While it is important to demonstrate the link between technology and improved patient care, it is equally important to contextualize the adoption of technology as an evolutionary process within broader systemic changes. Technology must be understood as a means to an end rather than an end in itself. In the past, other investigators have focused on the implementation of technology as a change agent,^23-26 typically viewing it as a top-down process initiated by management. In contrast, we focus on the adoption of technology as a result of the interplay between top-down support by management and user buy-in as a bottom-up process within the context of workflow improvement. We found that the adoption of technology will fail without broad-based worker buy-in. Sustainability occurred at the intersection of support initiated by administration and buy-in from users who experienced improved workflow. This paper examines how we used our Web-based reporting system as a technological change agent in continuous process improvement of patient safety initiatives at an academic medical center.

Methods

Web-based Method of Occurrence Report Collection

Prior to December 2002, occurrence reports at the University of Mississippi Hospitals and Clinics (UMHC) were collected using a paper-based reporting mechanism. In December 2002, a Web-based system of collecting occurrence reports was introduced campus-wide. Occurrence reports are used to collect information on all medication errors or mistakes regardless of whether or not they resulted in patient harm. An occurrence report icon was placed on all personal computers within the UMHC system including inpatient, ambulatory, and administrative sites (e.g., administrator offices) (Figure 1). As a result, all providers and staff have easy access for reporting. To ensure confidentiality and anonymity, the reporter has the option of accessing the Web occurrence report using a universal access code either from clinical workstations or from his or her private office. The occurrence report icon is linked directly to an electronic form with drop-down boxes and text options (Figure 2). This form requires a minimal amount of typing for answers, ensuring both accuracy and consistency of the data, and lessening the time it takes to complete the report.

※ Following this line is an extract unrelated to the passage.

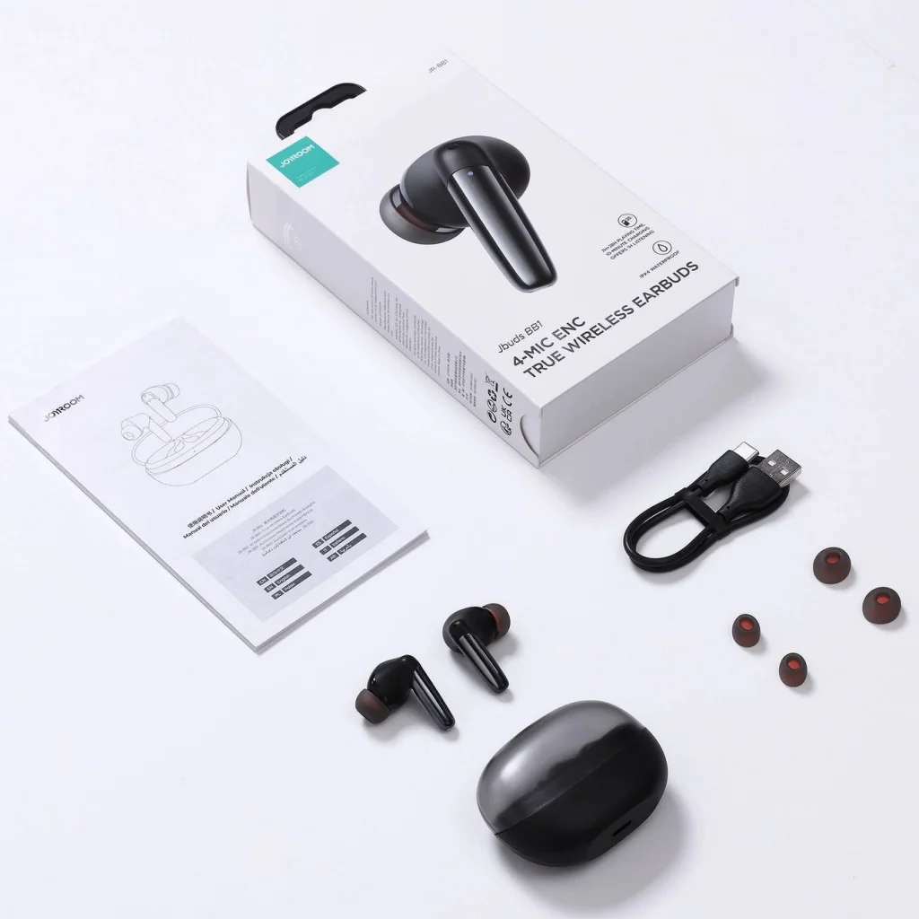 Joyroom Jbuds Series JR-BB1 TWS vezeték nélküli fülhallgató - fekete Merülj el a kiváló hangzás és a páratlan kényelem világában a forradalmi Joyroom Jbuds Series JR-BB1 fülhallgatókkal. Felejtsd el a hívások tökéletlenségeit, mivel az ENC zajcsökkentő technológia kristálytiszta hívásokat garantál. Élvezd a zenét megszakítás nélkül a beépített alacsony fogyasztású chipnek köszönhetően. A kép és a hang tökéletes szinkronizációja alacsony késleltetéssel életre kelti a szórakozást. Ezenkívül ergonomikus kialakítás, egyszerű kezelhetőség és ellenállóság az időjárás viszontagságaival szemben... Ezek a fülhallgatók újra belopják magukat a szívedbe! A Joyroom Jbuds Series JR-BB1 vezeték nélküli fülhallgatók legfontosabb előnyei:
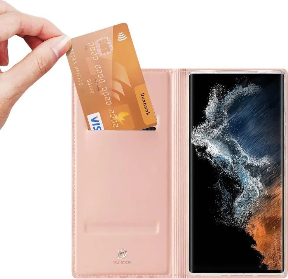 - Dux Ducis Skin Pro Hülle für Samsung Galaxy S23 Ultra Flip Card Wallet Stand Pink

Unlike most Web-based systems that are self-contained and do not interface with other information systems within the hospital, our occurrence report Web page is linked to the SoftMed ClinTrac data system, containing clinical, financial, and demographic patient data. The ClinTrac system is a comprehensive software tool that combines risk management, quality management, medical record abstracting, clinical data, and financial data. Data are automatically scrubbed to eliminate duplicates and non-patient events before being entered into the system. To further ensure data accuracy, the reported patient’s name, medical record number, and billing number on the occurrence report must match data from corresponding administrative records for the Web form to be accepted and stored in the database.

From an operational perspective, data entered into the occurrence report system are sent directly to the risk management department. A clinical nurse coordinator begins the analysis process by e-mailing the occurrence information to appropriate healthcare providers. The nurse manager on the floor investigates the event and sends an e-mail message with additional information to a clinical nurse coordinator for final analysis. The clinical nurse coordinator then completes the report in the ClinTrac system for in-house reports (e.g., to the Patient Safety Council) or for further analysis for quality improvement reports and initiatives. At each stage, automated time logs are processed to improve accountability and to establish work standards for processing medication error occurrence reports. Time logs allow us to determine how long it took to work on each error at a particular stage in the process. For example, we know how long the floor nurses worked on an error before sending the results of their investigation back to risk management.

Data

Primary data from the Web-based reporting system were collected from January 2003 to June 2005. Our analysis focuses on the following monthly patterns: the number of errors reported; who discovered the error; whether or not the error reached the patient; and whether or not those errors that reached the patient resulted in patient harm. Our outcome measure severity is reporter driven; individuals choose from nine options. The options range in hierarchical sequence from having the capacity to cause error to possibly contributing to or resulting in the patient’s death. For the purpose of our analysis, reported severity is then grouped into three categories: intercepted, no harm, and patient harm (Table 1).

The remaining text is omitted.